The Hits Just Keep On Coming:
An Amish lady is trotting down the road in her horse and buggy when she is pulled over by a cop who says, "Ma'am, I'm not going to ticket you, but I do have to issue you a warning. You have a broken reflector on your buggy." The lady says, "Oh thank you, I'll let my husband, Jacob, know as soon as I get home." The cop continued, "That's fine. Another thing, ma'am, I don't like the way that one rein loops across the horse's back and around one of his balls. I consider that animal abuse. That's cruelty to animals. Have your husband take care of that right away!"

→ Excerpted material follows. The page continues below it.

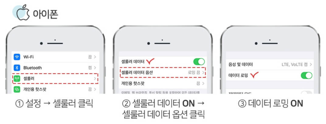 2. 셀룰러 데이터 켜기 > 셀룰러 데이터 옵션 클릭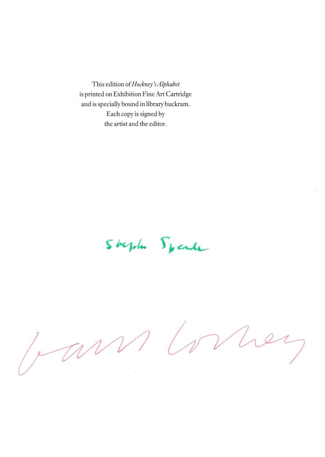 In 1991, on behalf of the Aids Crisis Trust in London, Sir Stephen Spender invited a number of distinguished writers in Britain and America to contribute original texts, prose or poetry, to accompany an alphabet of initial letters specially drawn for the Trust by David Hockney

Later that day, the lady is home telling her husband about her encounter with the cop. Her husband asks, "Well, dear, what exactly did he say?" His wife says, "He said the reflector is broken." Her husband says, "No problem, I can fix that in two minutes. What else?" His wife replies, "I'm not sure, Jacob, something about the emergency brake....."
A father walks into a book store with his young son. The boy is holding a quarter. Suddenly, the boy starts choking, getting blue in the face. The father realizes the boy has swallowed the quarter and starts panicking, shouting for help.
A well dressed, attractive and serious looking woman, in a blue business suit is sitting at a coffee bar reading a newspaper and sipping a cup of coffee. At the sound of the commotion, she looks up, puts her coffee cup down, neatly folds the newspaper and places it on the counter, gets up from her seat and makes her way, unhurried, across the book store.
Reaching the boy, the woman carefully drops his pants, takes hold of the boy's testicles and starts to squeeze and twist, gently at first and then ever so firmly. After a few seconds the boy convulses violently and coughs up the quarter, which the woman deftly catches in her free hand.
Releasing the boy's testicles, the woman hands the coin to the father and walks back to her seat in the coffee bar without saying a word. As soon as he is sure that his son has suffered no ill effects, the father rushes over to the woman and starts thanking her saying, "I've never seen anybody do anything like that before, it was fantastic. Are you a doctor?" The woman replied, "No, divorce attorney."
That's it for today my little puddin' heads. Remember, a word to the wise isn't necessary. It's the stupid ones that need the advice. Happy Hour in AREA 51 beckons. More on Friday.